6.2.1 General quoting rules for PSFTP commands
Most PSFTP commands are considered by the PSFTP command interpreter as a sequence of words, separated by spaces. For example, the command ren oldfilename newfilename splits up into three words: ren (the command name), oldfilename (the name of the file to be renamed), and newfilename (the new name to give the file).
Sometimes you will need to specify file names that contain spaces. In order to do this, you can surround the file name with double quotes. This works equally well for local file names and remote file names:
psftp> get "spacey file name.txt" "save it under this name.txt"

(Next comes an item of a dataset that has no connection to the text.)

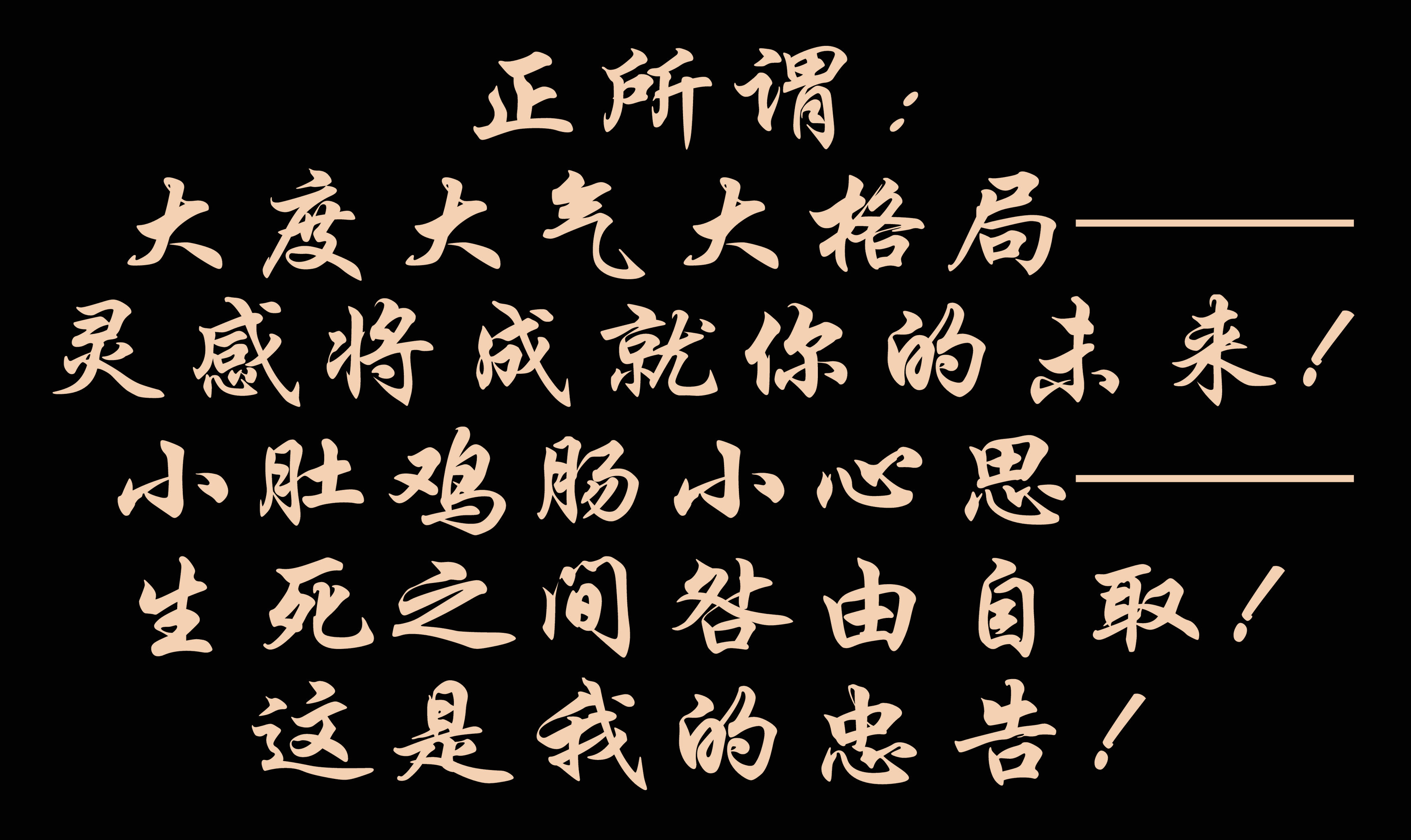 正所謂:大度大氣大格局——靈感將成就你的未來!小肚雞腸小心思——生死之間咎由自取!
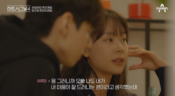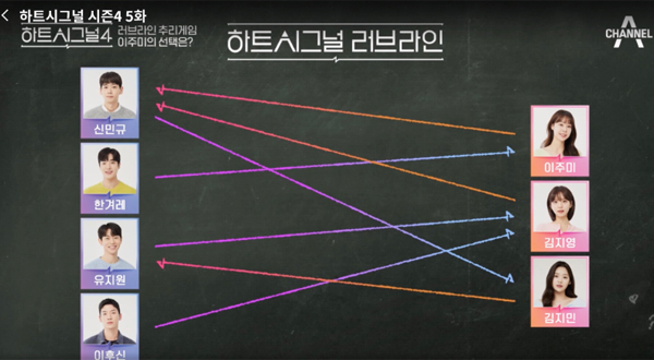 [엔터미디어=정덕현] 모든 관계가 꼬여버렸다. 어디서부터 풀어야 할지 알 수 없을 만큼 마음은 엇갈렸고, 감정들은 복잡해졌다. 함께 지낸 지 벌써 일주일이 지난 상황, 채널A 예능 <하트시그널4>가 보여준 러브라인의 화살표들은 단 하나도 쌍방향을 향한 게 없다. 이주미와 김지영이 신민규에게 화살표를 보냈지만, 신민규는 김지민에게 화살표를 날렸고, 유지원과 이후신이 김지영에게 화살표를 보냈지만, 김지영의 화살표는 신민규로 향했다. 그리고 한겨레는 신민규에게 화살표를 보낸 이주미를 택했다.

The double quotes themselves will not appear as part of the file names; they are removed by PSFTP and their only effect is to stop the spaces inside them from acting as word separators.
If you need to use a double quote (on some types of remote system, such as Unix, you are allowed to use double quotes in file names), you can do this by doubling it. This works both inside and outside double quotes. For example, this command
psftp> ren ""this"" "a file with ""quotes"" in it"
will take a file whose current name is "this" (with a double quote character at the beginning and the end) and rename it to a file whose name is a file with "quotes" in it.
(The one exception to the PSFTP quoting rules is the ! command, which passes its command line straight to Windows without splitting it up into words at all. See
section 6.2.19
.)
6.2.2 Wildcards in PSFTP
Several commands in PSFTP support ‘wildcards’ to select multiple files.
For local file specifications (such as the first argument to put), wildcard rules for the local operating system are used. For instance, PSFTP running on Windows might require the use of *.* where PSFTP on Unix would need *.
For remote file specifications (such as the first argument to get), PSFTP uses a standard wildcard syntax (similar to POSIX wildcards):
* matches any sequence of characters (including a zero-length sequence).
? matches exactly one character.
[abc] matches exactly one character which can be a, b, or c.
[a-z] matches any character in the range a to z.
[^abc] matches a single character that is not a, b, or c.
Special cases: [-a] matches a literal hyphen (-) or a; [^-a] matches all other characters. [a^] matches a literal caret (^) or a.
\ (backslash) before any of the above characters (or itself) removes that character's special meaning.
A leading period (.) on a filename is not treated specially, unlike in some Unix contexts; get * will fetch all files, whether or not they start with a leading period.